[论文解读] Adaptive Patching for Tensor Train Computations
The paper introduces an adaptive patching scheme for Quantics Tensor Trains (QTT) that partitions tensors with localized features into smaller patches to reduce bond dimensions and computation, enabling efficient large-scale QTT-based calculations such as bubble diagrams and Bethe-Salpeter equations.
Quantics Tensor Train (QTT) operations such as matrix product operator contractions are prohibitively expensive for large bond dimensions.
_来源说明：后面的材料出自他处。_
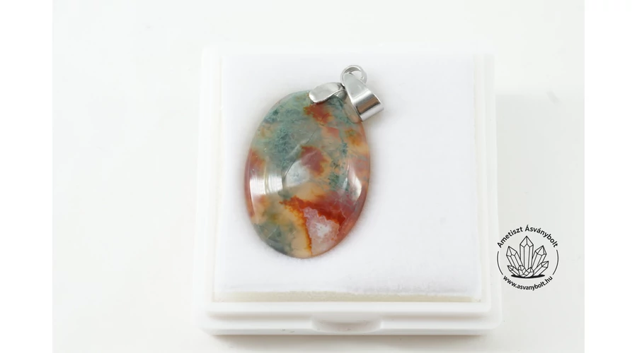 A Kalcedon ásvány család kedves tagja a szürke vagy fehér színű, áttetsző – átlátszó Kalcedon változó zöld és vagy vörös színárnyalatú moha szerű zárványokkal, ami miatt nagyon népszerű. A leginkább zöld vagy néha vöröses zárványok moha, faág vagy erdő képét mintázzák, Klorit, Szeladonit esetleg Hematit miatt látványos. A belőle kitűnő minőségre csiszolt darabokból vékony kabosonokat készítenek, hogy jobban érvényesüljön a zárványok látványa. A bemutatott darabok Indonéziából származnak, egy indonéz csiszoló üzemben készítették kitűnő minőségű csiszolással, mindkét oldalán fényezett darabok! A képen látható medálkő mérete kb. 23,5 x 17 mm, az alapján lapos, felülről enyhén domború, mindkét felületén fényes. Vastagsága kb. 5 mm. A medált saját műhelyben fúrtuk és alkatrészeztük nemesacél alkatrésszel, teljes magassága kb. 25 mm, a medált 40 x 40 mm-es ékszerdobozban postázzuk. Színe természetes, megismételhetetlen!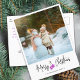Modern julkort med ett stort foto, kalligrafi skrift, rosa handskar och anpassad hälsning.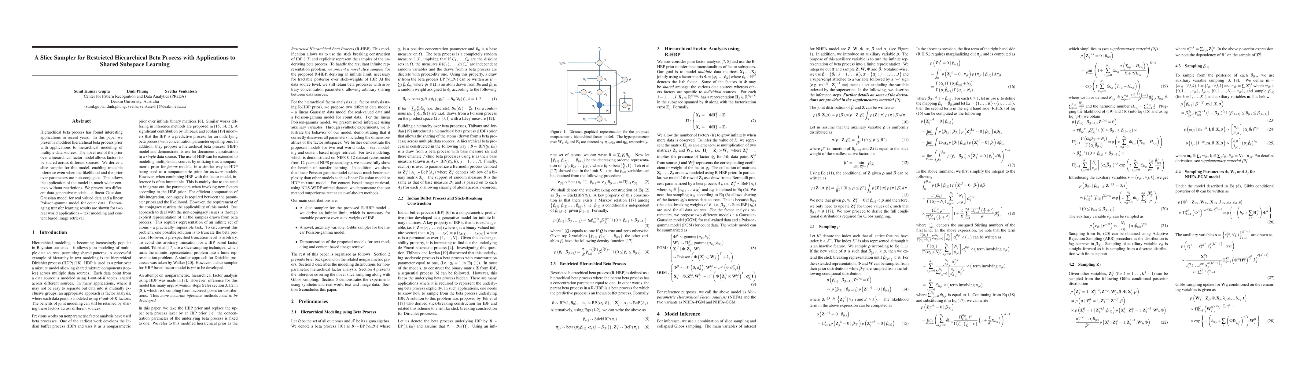 A novel hierarchical beta process prior is introduced for shared subspace learning across multiple data sources, enabling tractable inference with a slice sampler. This approach allows wider applications without restrictions, demonstrated in text modeling and content-based image retrieval.

We propose an adaptive patching scheme that exploits block-sparse QTT structures to reduce costs through divide-and-conquer, adaptively partitioning tensors into smaller patches with reduced bond dimensions. We demonstrate substantial improvements for sharply localized functions and show efficient computation of bubble diagrams and Bethe-Salpeter equations, opening the door to practical large-scale QTT-based computations previously beyond reach.
研究动机与目标
- Motivate and address the high cost of QTT operations for large bond dimensions in quantum many-body problems.
- Develop an adaptive, divide-and-conquer patching strategy that exploits block-sparse QTT structures.
- Demonstrate efficiency gains in TT/patched TT operations and practical applications to Green’s functions and Bethe-Salpeter equations.
- Provide a framework for patch ordering, complexity analysis, and mitigation of overpatching.
提出的方法
- Introduce adaptive patching for QTT by partitioning tensors into patches with individual, smaller bond dimensions.
- Represent patches with TT decompositions and sum over patches to recover the full tensor.
- Couple patching with Tensor Cross Interpolation (TCI) to build TT representations efficiently.
- Analyze computational complexity: memory, function evaluations, and arithmetic costs with patch-based TT ranks.
- Apply patched QTCI to realistic 2D Green’s functions and to Bethe-Salpeter-type calculations.
- Discuss patch ordering, overpatching, and patching patterns to optimize performance.
实验结果
研究问题
- RQ1Can adaptive patching reduce the effective bond dimension and memory requirements for QTT representations with localized features?
- RQ2How does patching affect the computational cost of TT/MPO contractions and related tensor operations?
- RQ3What are the practical gains of patched QTT in computing Green’s functions and Bethe-Salpeter equations?
- RQ4How should patches be ordered and sized to avoid overpatching and maximize speedups?
主要发现
- Adaptive patching exploits block-sparse tensor cores to achieve reduced bond dimensions per patch and overall memory savings.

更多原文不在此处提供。